Через несколько секунд он уже забирался на дерево и через пару минут стоял на ветру на высокой ветви, с тяжело вздымающейся от подъема грудью и онемевшими руками. Разрыв отсюда был розоватым. И помещение за ним тоже было розовым.
И это помещение оказалось ванной.
Мэтью в своей наивности полагал, что раз Дом скопирован с Парфенона, то у него тоже должен быть лишь один этаж. Но теперь он увидел, что это не так. Несмотря на высоту потолка, ванная, в которую он пристально смотрел, явно располагалась на втором этаже.

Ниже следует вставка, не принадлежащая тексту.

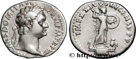 DOMITIANUS Augustus Denier 89-90 Rome R1 silver Obverse : IMP CAES DOMIT AVG - GERM PM TR P VIIII Tête laurée de Domitien à droite (O*) Reverse : IMP XXI COS XV CENS P P P Minerve ou Pallas debout à droite sur une proue de galère, coiffée du casque corinthien, vêtue de légide et du chiton, combattant, brandissant de la main droite une haste et tenant un bouclier rond de la gauche ; une petite chouette, à ses pieds à droite Commentary : Monnaie idéalement centrée. Superbe portrait de Domitien. Revers agréable. Patine grise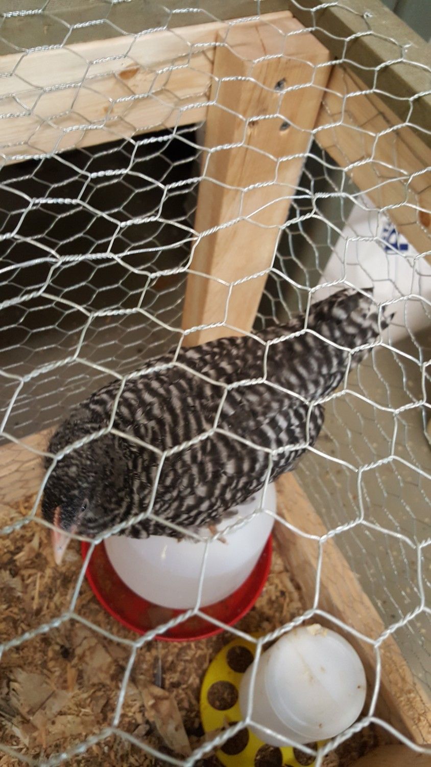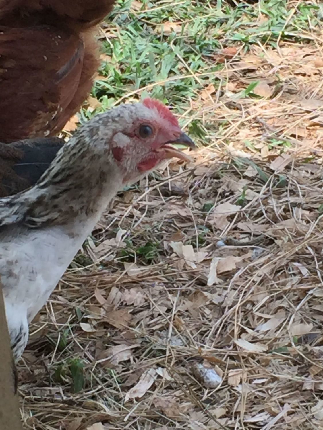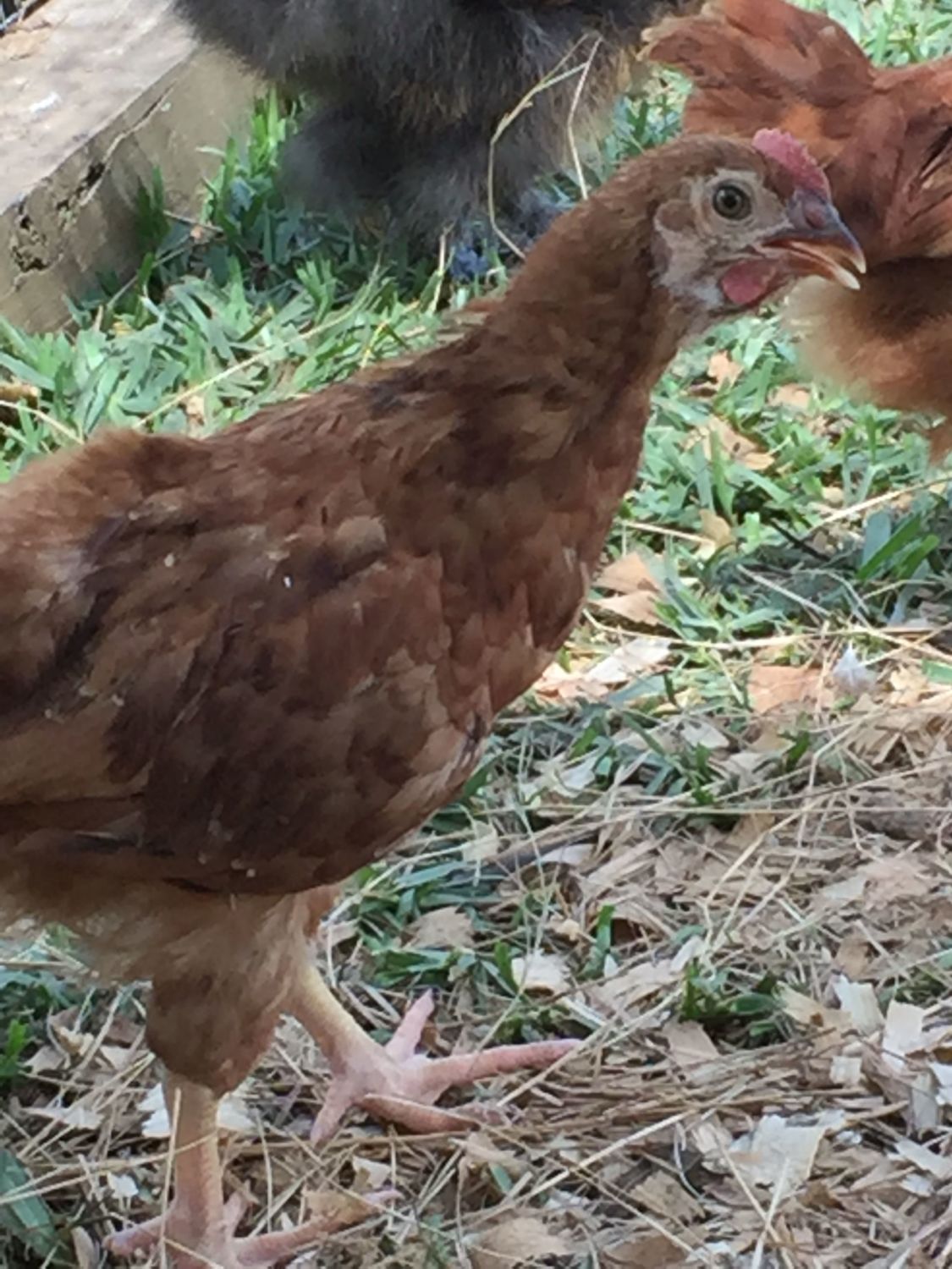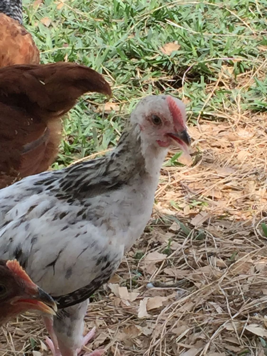 And this one we thought was a pullet but the red wattle just popped out. Also has brownish spots (barring?) on its back that we also just noticed.

Разрыв в силовом поле могли увидеть только три женщины, находившиеся в ванной, которые понятия не имели о пронизывающем ледяном ветру снаружи.
Впрочем, две из них все равно не могли о нем знать, поскольку не были настоящими женщинами. Они были служанками-андроидами. Они были прекрасно сработаны, однако, он не угадал бы их имена, если бы они не были вышиты на их греческих туниках сразу под линией шеи.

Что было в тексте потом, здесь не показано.